This section is from the book "The Horse - Its Treatment In Health And Disease", by J. Wortley Axe. Also available from Amazon: The Horse. Its Treatment In Health And Disease.
It is well known that various forms of skin eruptions are due to the attacks of various insects, as lice, fleas, gnats, gadflies, etc, also from the ravages of acari; and certain vegetable parasites which establish themselves in or on the integument, for example, the well-known ringworm fungus. Eruptions also occur as the consequence of the contact of such agents as mustard, paraffin, solution of carbolic acid, arsenic, and even soft soap; when this agent has been used in strong solution for the purpose of washing the skin, and a quantity of it has been carelessly left upon the upper part of the body, extensive eruption along the centre of the back has been observed, in cattle particularly. It will be noticed that the degree of irritation produced is largely dependent upon the sensibility of the skin; when this is thin and delicate, the application of mustard or ammonia will often produce extensive erythema, followed by the formation of vesicles, and ultimately desquamation of the cuticle, and maybe a superficial ulceration, while the same agent applied to an animal with a coarse skin produces little or no effect. The use of arsenic as a caustic in the treatment of warts has sometimes caused extensive inflammation of the skin surrounding the wart, with considerable slough-ing. It has already been stated that horses working where the ground is covered with lime suffer from inflammation of the skin of the legs, accompanied by cracks or fissures. Sometimes inflammation of the glandular structures of the skin arises out of the same cause, accompanied by a considerable discharge of sebaceous fluid.
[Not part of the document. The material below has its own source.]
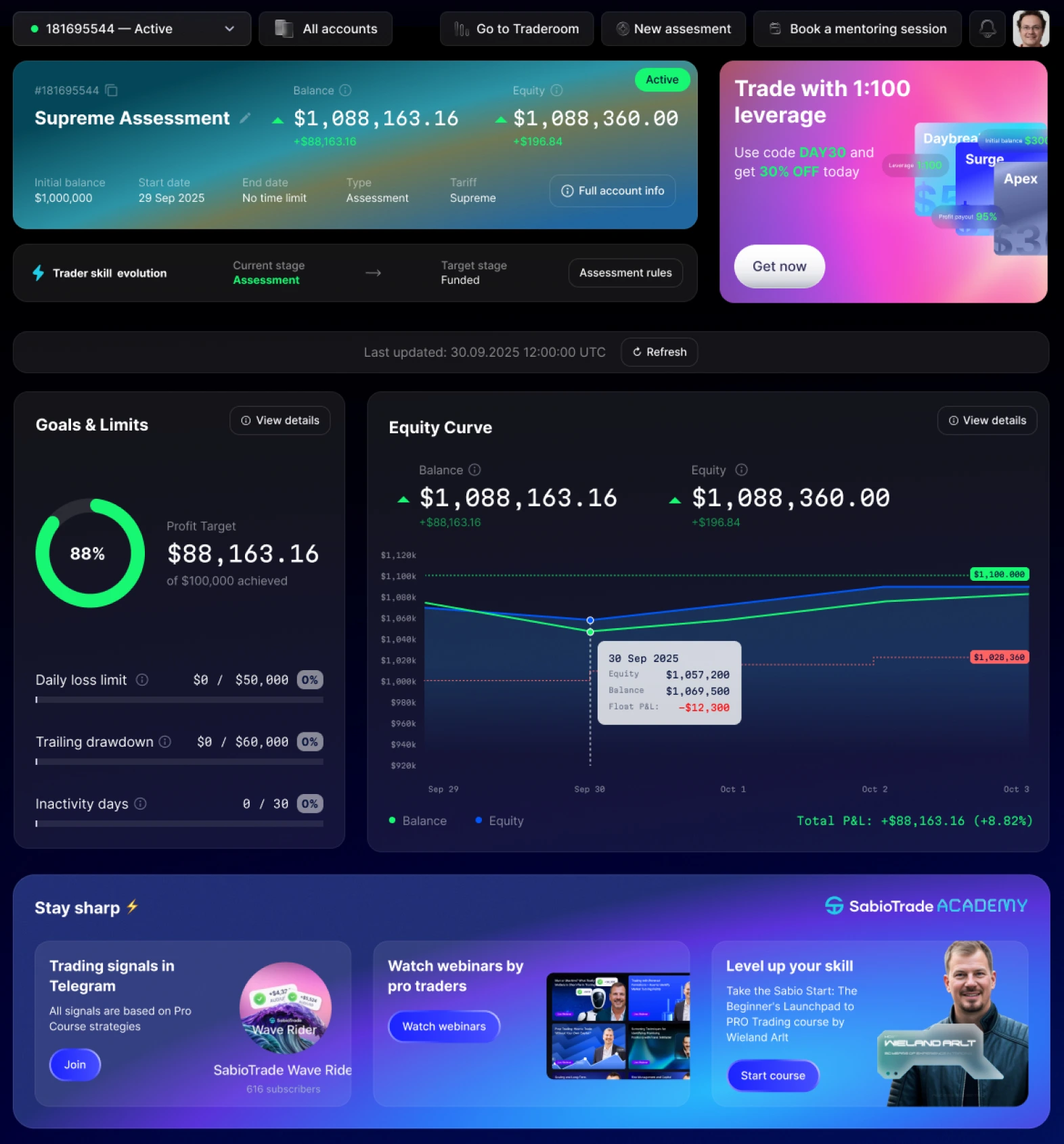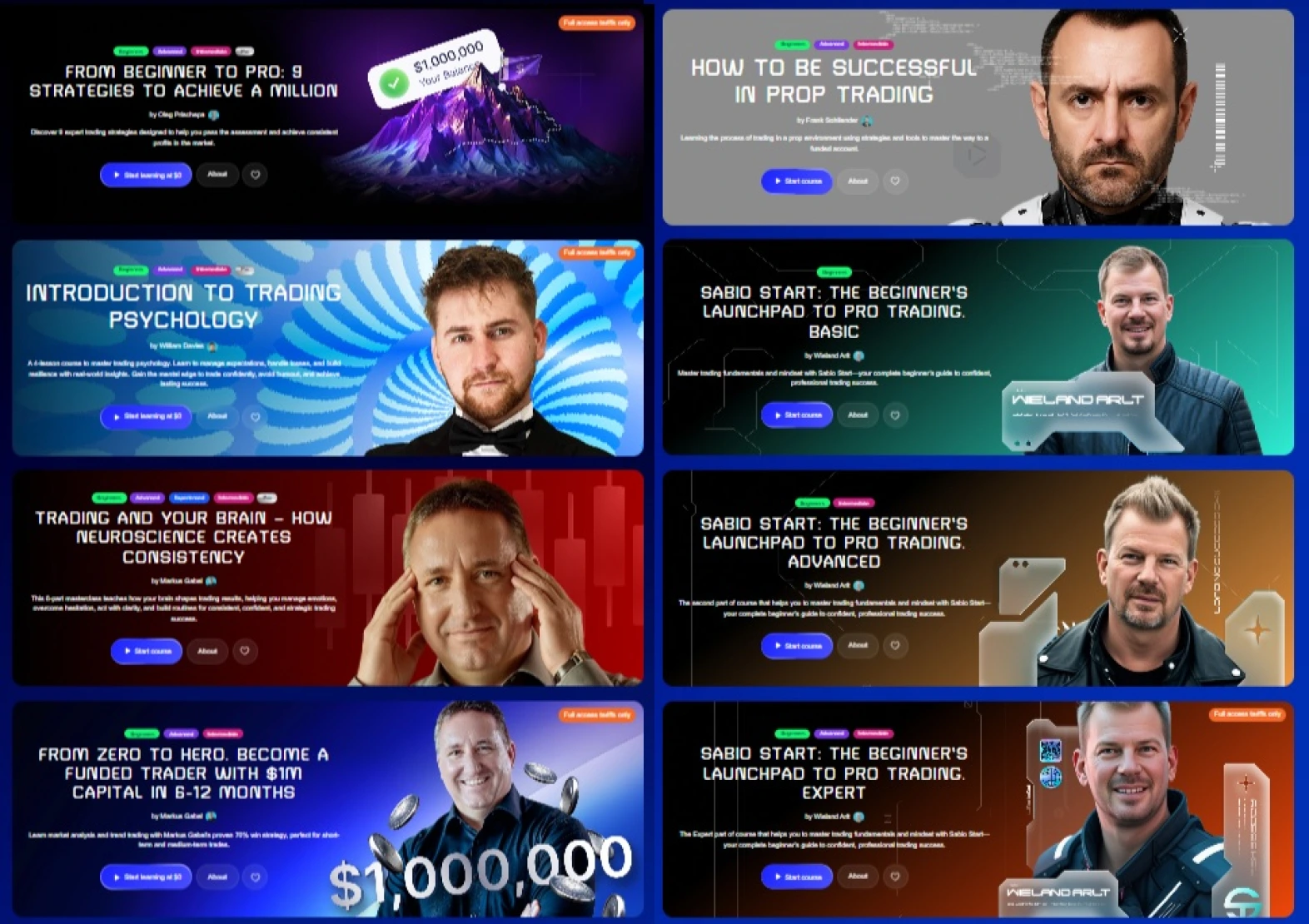 Sabio Trade combines features that make it a fit for all kinds of traders: simple 1-step assessment and free education for beginners, mentorship for developing traders, and extra-large funding for pros.

Internal agents, such as articles of food and various drugs, give rise to eruptions in the skin of susceptible subjects; the eruption known as nettle-rash following the eating of mussels and other shell-fish by man is an instance of an eruption following the consumption of certain kinds of food. Medicinal agents are responsible for a large number of disorders of the skin, of the erythematous, papular, vesicular, and bullous type, all of which are known as drug eruptions. The occurrence of these diseases in the skin of the lower animals from the use of different drugs has not been recognized by veterinary writers, but there is no reason to doubt that they may occur from the continued employment for medicinal purposes of bromides, iodides, mercury, arsenic, salicylic acid, and other agents. Salicylic acid certainly has a marked local effect when given in considerable doses to cattle for the removal of large pendulous warts; after the use of the agent for this purpose for some weeks, the skin near the warts becomes inflamed, and the warts fall off in succession, leaving the raw surface, which rapidly heals. The use of the agent is then, of course, discontinued.
The fact of the occurrence of eruptions of different kinds from the action of external and internal agents should, under all circumstances, be taken into account in forming a diagnosis.